Lessons from LTK’s rebrand

  • 1

    Do your homework. Asking a few people around you what they think isn’t the same as research that positions the brand in the company’s larger strategy. “I can’t reinforce enough that you need to always make sure you do your due diligence with research,” says Maggie Collins, LTK’s creative director.

  • 2

    Involve internal and external stakeholders early in the process. Bring your most important customers along and get their buy-in. “I’d reach out to my most loyal folks,” says Americus Reed, a professor at the Wharton School, “and share with them that hey, our name is changing, but who we are and our core values are not.”

  • 3

    Speed counts. “Once you’ve made your decision, move quickly,” Amber Venz Box says. The rebrand will become like a second job for so many members of an organization, on top of their usual crush of duties. “The tighter that you can make that turn from decision to action, ultimately the less painful to an organization,” she adds.

  • 4

    Incremental is all right. “You need to bring reality to the scenario,” Gabrielle Muse, founder of branding firm Studio Mococo, says. And that “means identifying high-value priorities.” As LTK decided, changing the signage at headquarters was not one of them. Start by making the external changes that count most.

  • 5

    Spread the story. You’ll never reach everyone before the rebrand, but you can after. LTK distributed videos explaining its changes to customers and partners. “We felt that gave people access to us as if we were just talking and answering the questions people would naturally have,” Venz Box says.

The unexpected payoff

One of Venz Box’s first acts after the rebrand was to raid the marketing closet and purge the company of all rewardStyle swag, donating what she could and tossing the rest. “Overnight, we stormed the office and our operations team changed all of the art,” she says. Pink was out, black-and-white was in.Other small changes, from the making of LTK-branded swag and light-up signs to backgrounds with the new logo for employee video calls, were introduced over the next few weeks. To date, employees still send their emails from the rewardStyle domain.Box says the step-by-step approach has made sense. “A rebrand does not have to be some massive exercise…[that] requires 100% attention of every team member,” he says. “It can be done iteratively, and it absolutely can have disproportionate value in terms of that effort.”

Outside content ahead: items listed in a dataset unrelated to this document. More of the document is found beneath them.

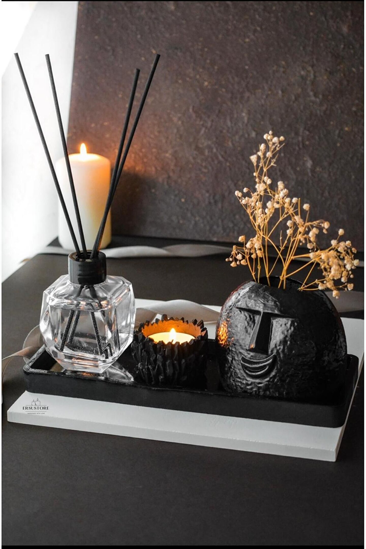 Özel Tasarım Oda Kokusu Vazo Mumluk Seti Hediyelik Dekoratif
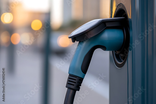 Close-up of a sleek, blue electric vehicle charging station, poised and ready to power the future of sustainable transportation in an urban setting. #electricvehicle
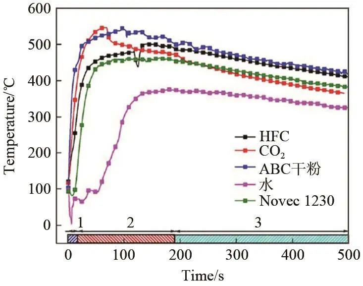 圖2 各類滅火劑對(duì)三元鋰離子電池火災(zāi)的抑制能力
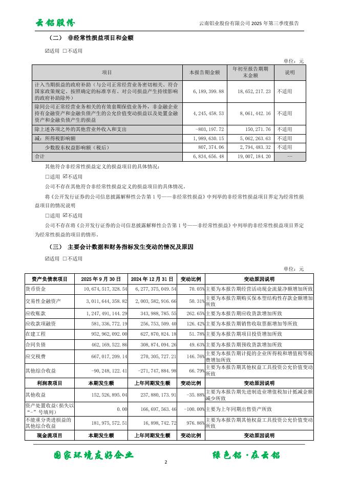 000807-云铝股份:2025年三季度报告.pdf
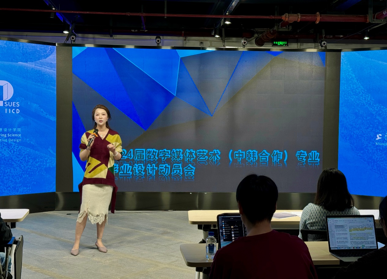 为保障本科毕业设计的顺利开展,不断提高本科毕业设计(论文)质量,10月13日,402永利集团于艺术楼一楼虚拟现实综合实验中心召开了2024届本科毕业设计动员大会,402永利集团副经理徐蓉蓉出席会议,会议由数字媒体艺术系教师、毕业设计工作负责人章颖芳主持,公司2024届全体本科生及中韩方教师参加会议。
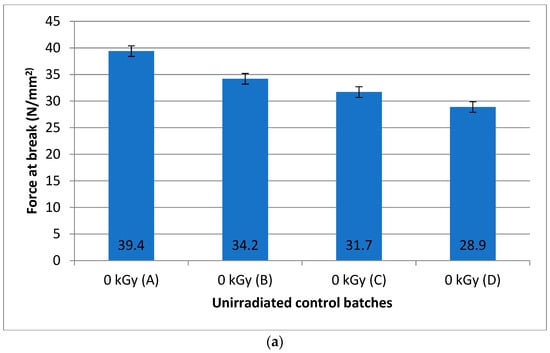 Figure 2 presents the tensile stress mean values obtained for the four non-irradiated batch samples A, B, C, and D, and for exemplification, the original stress–strain curves for unirradiated samples (batch A). All the experimental data are available upon request from the authors.

That was the big surprise: While it’s still hard to quantify, the rebrand, both founders stress, has been a driving force in the company’s accelerated growth. While they embraced the journey to rid themselves of a gnawing problem, they didn’t anticipate it would end up reinvigorating the company.As LTK’s growth picks up even more steam, the company’s story is an object lesson about the power of brand no matter a company’s trajectory. “Even as a startup, you need to put some effort into building a brand,” says Reed, the Wharton professor.Before the change, some employees had been holding on to strategies that no longer made sense, Box says. “The rebrand allowed us to more effectively communicate our strategy as a company and do so with urgency, with fierce prioritization, and allowing the team to think much bigger about how we were going to grow the company,” Box says. “It made clear that our future is not the same as our past.”